This wiki is obsolete, see the NorduGrid web pages for up to date information.
Nagios probes description from original readme
The readme is located in http://svn.nordugrid.org/trac/nordugrid/browser/nagios/trunk/README and its content is following:
Monitoring ARC CEs
For each CE to monitor run
check_arcce -H <HOST> submit
This should be run not to frequently, in order to let one job finish before the next is submitted. The probe keeps track of submitted jobs, and will hold the next submission if necessary.
To also test data staging, add as many --stage-input and --stage-output options as required. The former must refer to an existing URL. The latter will stage a generated file to be uploaded to the given URL. This which will be deleted when fetching the job.
On a more regular basis, each 5 min or so, run
check_arcce -H <NAGIOS-HOST> monitor
which will monitor all job status of each host and submit it passively to a service matching the host name and the service description "ARCCE Job Termination". The passive service name can be configured.
For additional options, see
check_arcce --help check_arcce submit --help check_arcce monitor --help
Plugin Configuration
String-valued options can also be set in a configuration file, if it makes sense. Use the "arc-ce" section of /etc/nagios/plugins.ini, where the variable names are the option names with "--" removed and all "-" replaced by "_", e.g. --user-key becomes "user_key".
Connection URLs for job submission (the --ce option) may be specified in the section "arc-ce.connection_urls":
Example:
[arc-ce] user_cert = /etc/nagios/globus/robot-cert.pem user_key = /etc/nagios/globus/robot-key.pem loglevel = DEBUG
[arc-ce.connection_urls] arc1.example.org = ARC1:https://arc1.example.org:443/ce-service arc0.example.org = ARC0:arc0.example.org:2135/nordugrid-cluster-name=arc0.example.org,Mds-Vo-name=local,o=grid
Nagios Configuration
You will need command definitions for monitoring and submission:
define command { command_name check_arcce_monitor command_line $USER1$/check_arcce -H $HOSTNAME$ monitor } define command { command_name check_arcce_submit command_line $USER1$/check_arcce -H $HOSTNAME$ submit \
--stage-input srm://storage.example.org/monitoring/readable.txt \ --stage-output srm://storage.example.org/monitoring/srm-$HOSTNAME$.txt
}
Note that some ARC commands used will require a usable $HOME. If needed, prefix the above commands with "env HOME=/var/spool/nagios" or similar.

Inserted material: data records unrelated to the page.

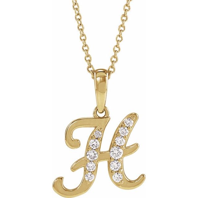 14K Yellow 1/5 CTW Natural Diamond Initial H 18" Necklace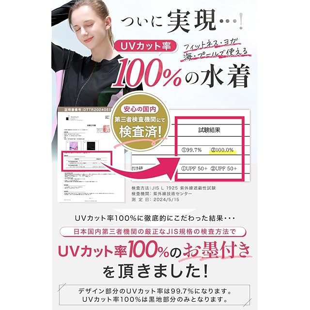✅【国内第三者検査機関にてUVカット率100%の実証済】日本の国家規格、JIS規格1925にてUVカット率100%を実証。日差しから肌を守りたい方のために開発したUVカット水着です。
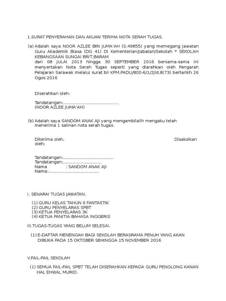 Contoh Nota Serah Tugas Perlu Diisi Untuk Guru Yang Berpindah Keluar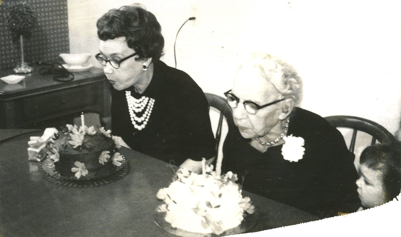 Martha (age 81) and her daughter-in-law Ruby celebrate their shared birthday, April 6, 1965, with great-granddaughter Terri looking on.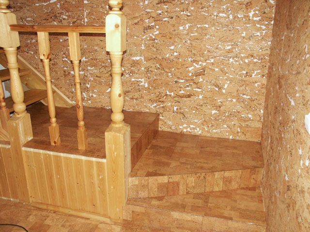 Le liège en soi a de bonnes propriétés décoratives. Par conséquent, il n'a pas besoin d'être recouvert de matériaux décoratifs supplémentaires. Il absorbe bien le son et joue le rôle d'isolation acoustique.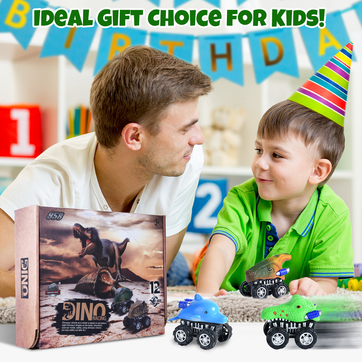 - [GREAT GIFT FOR KIDS] Designed with realistic colors and features, these dinosaur toy cars are more attractive for kids, an ideal gift for dinosaur party favors, party decoration, birthday gift, Christmas gift, theme party supplies.

For monitoring, add a single service like
define service { use monitoring-service host_name localhost service_description ARCCE Monitoring check_command check_arcce_monitor }
For each host, add something like
define service {
use submission-service host_name arc0.example.org service_description ARCCE Job Submission check_command check_arcce_submit
}
define service {
use passive-service host_name arc0.example.org service_description ARCCE Job Termination check_command check_passive
}
Running Multiple Job Services on the Same Host
By default, running jobs are tracked on a per-host basis. To define multiple job submission services for the same host, pass to --job-tag a tag which identify the service uniquely on this host. Remember to also add a passive service and pass the corresponding --termination-service option.
As an example, the following adds dedicated services to check LFC staging for jobs:
define command { command_name check_arcce_submit_lfc command_line $USER1$/check_arcce -H $HOSTNAME$ submit --job-tag lfc \
--termination-service 'ARCCE LFC Job Termination' \ --stage-input lfc://lfc.example.org/monitoring/readable.txt \ --stage-output lfc://srm://storage.example.org/monitoring/lfc-$HOSTNAME$.txt@lfc.example.org/monitoring/lfc-HOSTNAME$.txt
}
define service {
use submission-service host_name arc0.example.org service_description ARCCE LFC Job Submission check_command check_arcce_submit_lfc
}
define service {
use passive-service host_name arc0.example.org service_description ARCCE LFC Job Termination check_command check_passive
}
Custom Job Descriptions
If the generated job scripts and job descriptions are not sufficient, you can provide hand-written ones by passing the --job-description option to the submit subcommand. In this case, --stage-input options will have no effect, while URLs passed to --stage-output will be recorded for deletion when the job finishes.
Currently no substitutions are done in the job decription file, other than what may be provided by ARC.